The relative balance between cell growth and cell death is altered in cancers, with the balance tipped towards uncontrolled proliferative capacity in cancer cells [1, 43]. In addition, some cancer cells acquire a markedly enhanced capacity to move, thereby predisposing them to invasion and dissemination [44, 45]. Findings from the present study showed that tumors exhibiting higher levels of expression in MCM2, a marker of proliferation, and gelsolin, a marker of motility, conferred a higher risk of death in NSCLC.
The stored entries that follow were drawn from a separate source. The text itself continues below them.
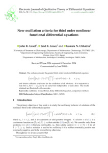 Graef John R.; Grace Said R.; Chhatria Gokula N.: New oscillation criteria for third order nonlinear functional differential equations. (2024)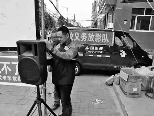 “今年這不是要冷了嗎?我最近放的一場電影是《百團大戰》,再放就得等開春了?!苯?,在吉林省磐石市明城鎮休閑廣場,磐石市郵政分公司明城支局郵遞員李樹山告訴《中國新聞出版廣電報》記者,最近一次放電影有七八十人來觀影。在小鎮上,很多人都是通過看電影而熟識的。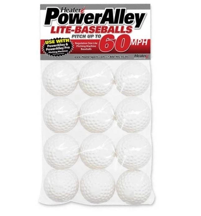 PowerAlley 60 MPH Lite-Balls weigh half the weight of real baseballs. This allows younger players to hit a lighter ball and develop better hand-eye coordination. Use with both the PowerAlley and PowerAlley Pro pitching machines.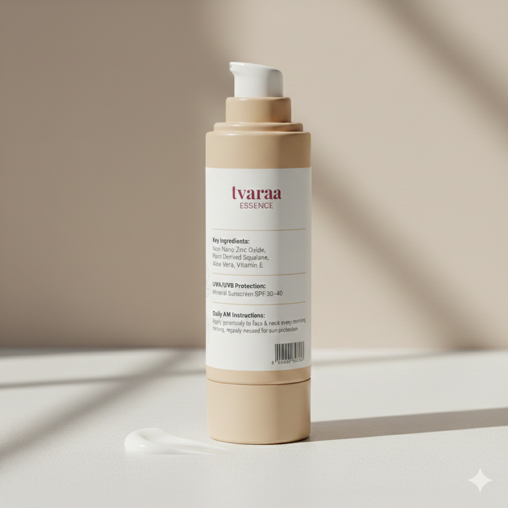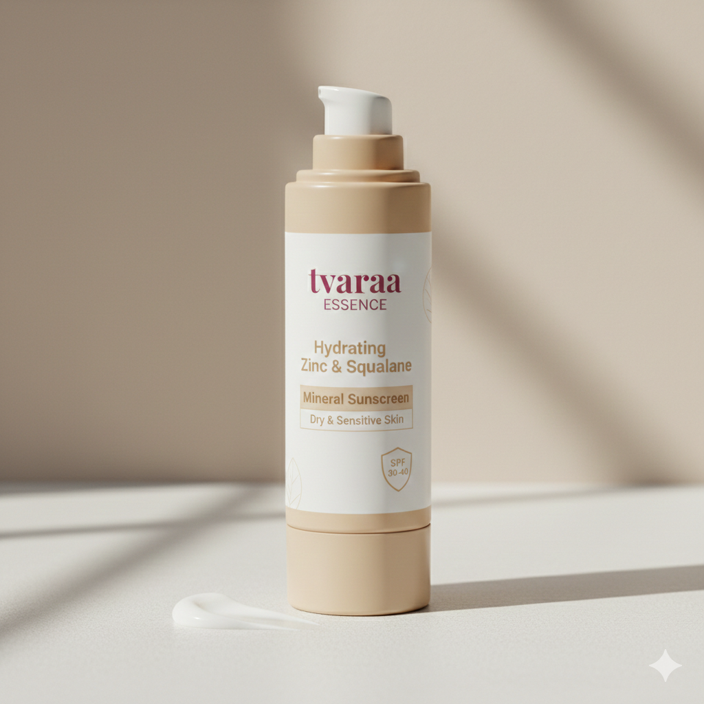 Tvaraa Essence Hydrating Zinc & Squalane Mineral Sunscreen SPF 30–40 – Barrier-Friendly Daily Sunscreen for Dry & Sensitive SkinHydrating Zinc & Squalane Mineral Sunscreen SPF 30–40 – Barrier-Friendly Daily Sunscreen for Dry & Sensitive Skin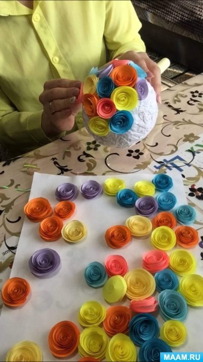 Далее, с помощью горячего клея, начинаем клеить спиральные розочки на бумажный комок.

MCM proteins are essential replication initiation factors that ensure the accurate replication of DNA in the cell cycle. Through accurate binding to chromatin during G1 phase and detaching from chromatin during S phase, MCM proteins restrict DNA synthesis to only once per cell cycle [3, 4, 6]. Only licensed origins containing MCM proteins can initiate a pair of replication forks, and once initiation occurs at an origin, the bound MCM proteins are displaced so that the origin cannot fire again . MCM proteins may also function as the helicase that unwinds DNA ahead of each replication fork . Evidence from different organisms and cells indicates that both permanently arrested cells and those in G0 phase have lost expression of MCM proteins and are functionally unlicensed [48–50]. The replication initiation function of MCM proteins in cell cycle implies that they may be valuable markers for proliferation and prognosis in human cancers. Todorov et al. studied MCM2 expression in normal and tumor human tissues and found MCM2 was expressed significantly different in specimens examined, with expression of 97% in tumors but only 27% in normal tissues. Furthermore, the expression level in normal tissues was lower than in tumor tissues, indicating that MCM2 reflects cell proliferation . Dudderidge et al. studied MCM2, geminin, and Ki-67 in renal cell carcinoma and found that MCM2 expression increased dramatically with increasing grade . Hashimoto et al. investigated MCM2 and Ki-67 expression in lung adenocarcinomas and found that the co-expression of MCM2 and Ki-67 at higher levels were significantly associated with poorer survival . The prognostic value of MCM2 was also reported in bladder cancer and oligodendroglioma [40, 51].
Ki-67 is expressed in all stages of the cell cycle except G0 phase, making it a valuable measurement for cell proliferation . In a number of cancers, elevated Ki-67 expression has been found associated with higher aggressiveness and invasiveness [52–54]. The prognostic value of Ki-67 has been observed in cancers of breast, prostate, cervix, and soft tissue . In a comprehensive review, Pugsley et al. noted that higher Ki-67 index was significantly associated with poorer survival in NSCLC in the majority of univariate analyses and in approximately half of the multivariate analyses . In our study, we did not observe the prognostic effect of Ki-67 expression in both the univariate and multivariate analysis, which may be partially due to the limited sample size. The small sample size also prevented additional examination of the prognostic value of MCM2, Ki-67 and gelsolin in subgroup patients. As Pugsley et al. pointed out, factors such as patient heterogeneity, retrospective nature of study design, quantification of immunohistochemistry, and cutoff value may contribute to the inconsistent findings for the prognostic value of Ki-67 NSCLC in the literature .
In addition to proliferation, elevated motility is essential for tumor cells to invade and disseminate [44, 45, 55, 56]. Highly metastatic cells typically exhibit enhanced locomotion capacity compared to less metastatic cells [44, 45, 57, 58]. Various studies have consistently shown that higher levels of motility are associated with higher rates of tumor metastasis or shorter survival time [31–33, 59–62]. The motility facilitating function of gelsolin has been widely observed in animal models [26–29]. We and others have showed that higher levels of gelsolin are associated with poorer survival in breast and lung cancer [31–33]. Some studies failed to find a prognostic significance for gelsolin. However, these studies are generally subject to small sample size or inadequate follow-up time [37, 63–65]. As a generalization, the gelsolin content of the cells in most cancers is found to be down-regulated [37, 64–66], but in a number of studies, researchers found that high gelsolin expression is inversely associated with survival time [31–33]. For example, we found that tumors with high and heterogeneous expression of gelsolin conferred the highest risk of death from NSCLC in patients with this disease . Shieh et al. found that the most potent predictor of poor prognosis was high focal gelsolin expression . Increased expression of gelsolin may facilitate a subset of tumor cells with increased motility, thereby enhancing its capability and probability of invading adjacent tissues and metastasis to remote organ sites [32, 33].